Descriptive metadata database

A MongoDB database. Each IE is linked to exactly one Dublin Core document. This is the metadata you submit through the Submission API, stored separately from the preservation metadata but connected to the same IEs.

Location database

A MongoDB database. The DPS repackages and reorganises the files submitted in SIPs for better utilisation of the bit repository. This database tracks where files are physically stored. Each repository file document is linked to both an IE document and the file documents it contains.

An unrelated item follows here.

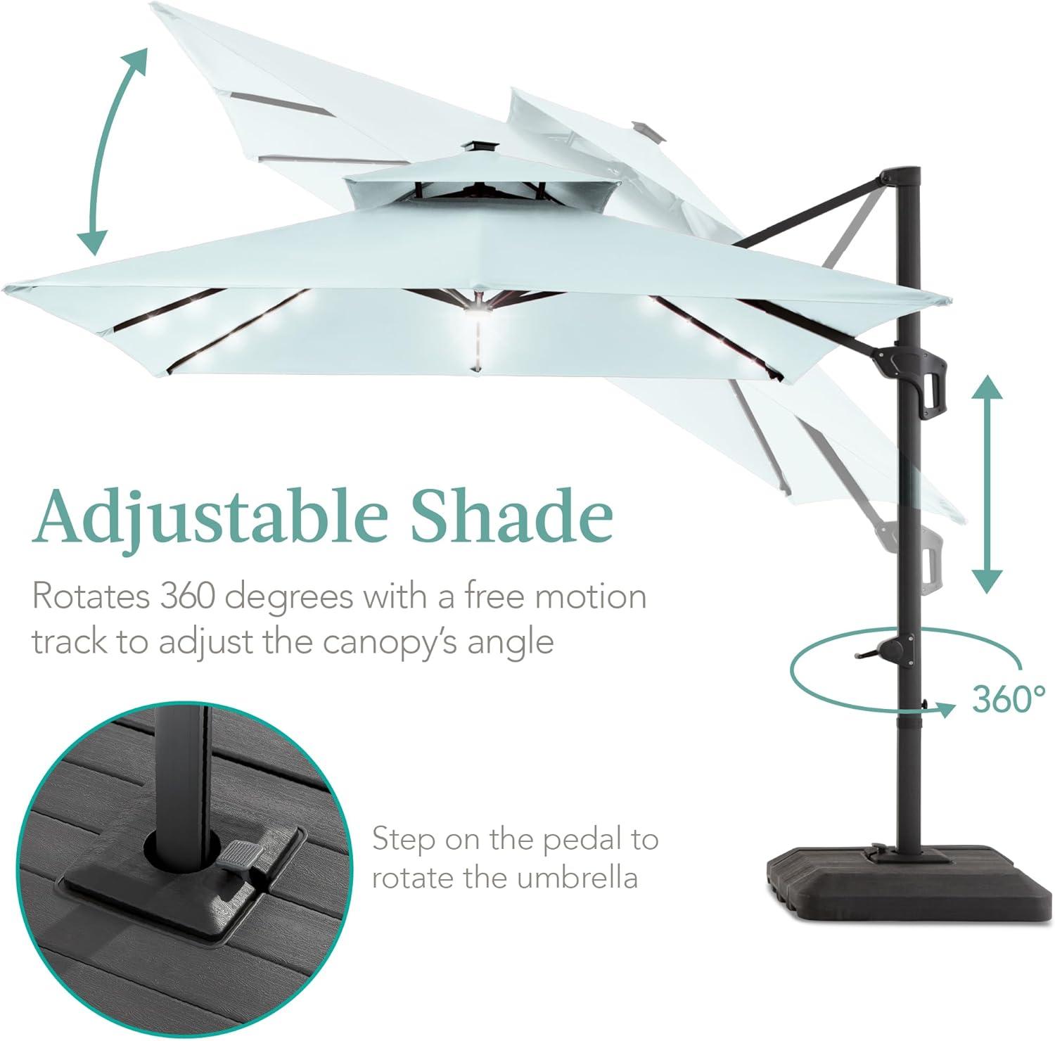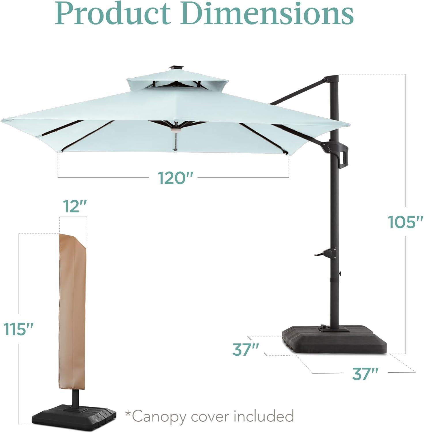 Best Choice Products 10x10ft Cantilever Patio Umbrella w/Base Included, Solar LED Lights 360 Rotation Large Offset Hanging Outdoor Shade for Deck Pool Backyard w/Stand – Burgundy(Baby Blue)

Object storage for extracted metadata

The outputs of metadata extraction tools (MediaInfo and ExifTool) are stored as files in an S3 object storage bucket. File documents in the databases refer to the paths in this bucket.

How metadata is accessed

Metadata access currently happens through the public API. The following data is available:

Dublin Core metadata

Retrievable per submission through the API. When you request a specific submission, you can include the descriptive metadata that was submitted with it.

PREMIS events

Retrievable per submission through the API. Both client-submitted and DPS-generated events can be retrieved for a given submission.

File metadata

Retrievable per file through the API, including file paths and checksums.

Submission listing

You can list submissions within a given contract through the API, paginated.

Dissemination

You can create a dissemination request and poll its status through the API. The actual download of disseminated content happens outside the API. SIP metadata files are preserved in the same manner as the data, and can be retrieved this way.


Metadata stored but not currently accessible through the API:

  • Extracted technical metadata is stored in S3 object storage but is not yet accessible to clients through the API.

We are working towards a richer access model where searches can be performed across intellectual entities in the preservation database, and events and other metadata can be retrieved in the context of IEs. The current section describes what is available today. The access layer is under active development.

How metadata changes over time

Metadata in the DPS follows three different update models. Some of these are implemented, while others are planned:

  • Versioned (planned): Dublin Core metadata will be updateable through the API, with each change recorded as an auditable event. This is not yet available.
  • Append-only: PREMIS events can only be added, never modified. New events are appended to the existing record. A custodian can trigger re-extraction of technical metadata for individual files, producing a new extraction output while keeping the old.
  • Immutable: SIP metadata files are frozen at submission and cannot be changed.